• _What is expected_: In the listing that follows, print every line exactly and leave the images out.

• _Data section_:
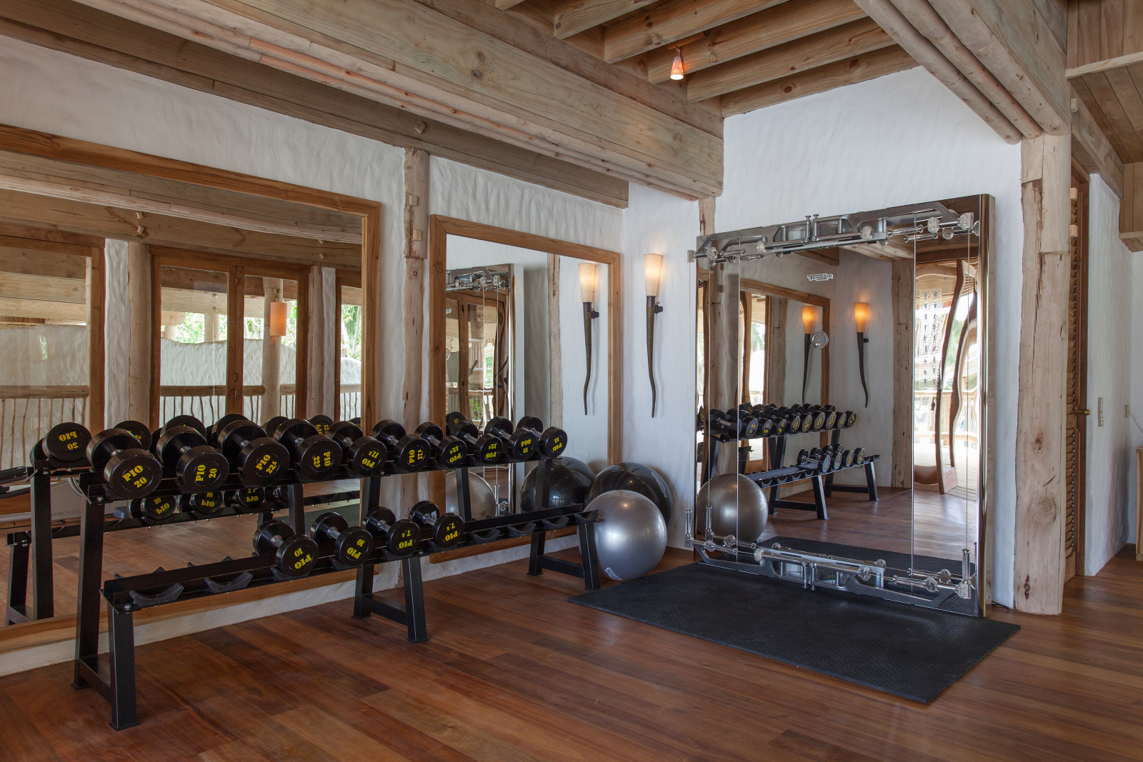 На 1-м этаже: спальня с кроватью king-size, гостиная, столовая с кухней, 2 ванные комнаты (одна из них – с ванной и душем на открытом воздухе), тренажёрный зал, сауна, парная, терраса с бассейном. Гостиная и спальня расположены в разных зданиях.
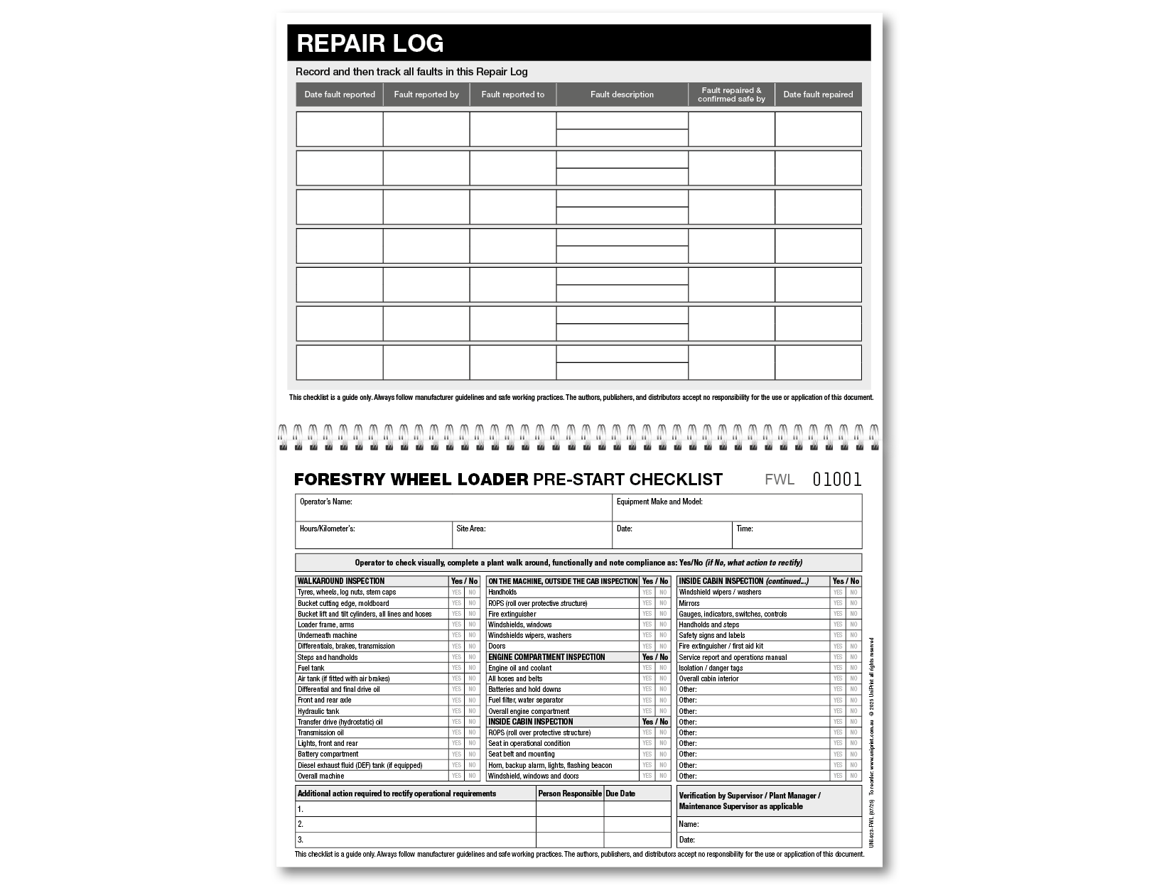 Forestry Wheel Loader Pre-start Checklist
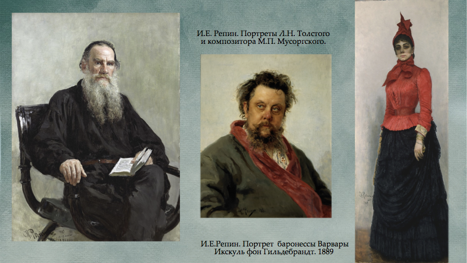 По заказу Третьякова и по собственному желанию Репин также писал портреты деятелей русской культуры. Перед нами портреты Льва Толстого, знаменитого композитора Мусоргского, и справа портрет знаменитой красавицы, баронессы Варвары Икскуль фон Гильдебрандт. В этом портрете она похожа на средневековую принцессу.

• _Output for this exercise_:
 На 1-м этаже: спальня с кроватью king-size, гостиная, столовая с кухней, 2 ванные комнаты (одна из них – с ванной и душем на открытом воздухе), тренажёрный зал, сауна, парная, терраса с бассейном. Гостиная и спальня расположены в разных зданиях.
 Forestry Wheel Loader Pre-start Checklist
 По заказу Третьякова и по собственному желанию Репин также писал портреты деятелей русской культуры. Перед нами портреты Льва Толстого, знаменитого композитора Мусоргского, и справа портрет знаменитой красавицы, баронессы Варвары Икскуль фон Гильдебрандт. В этом портрете она похожа на средневековую принцессу.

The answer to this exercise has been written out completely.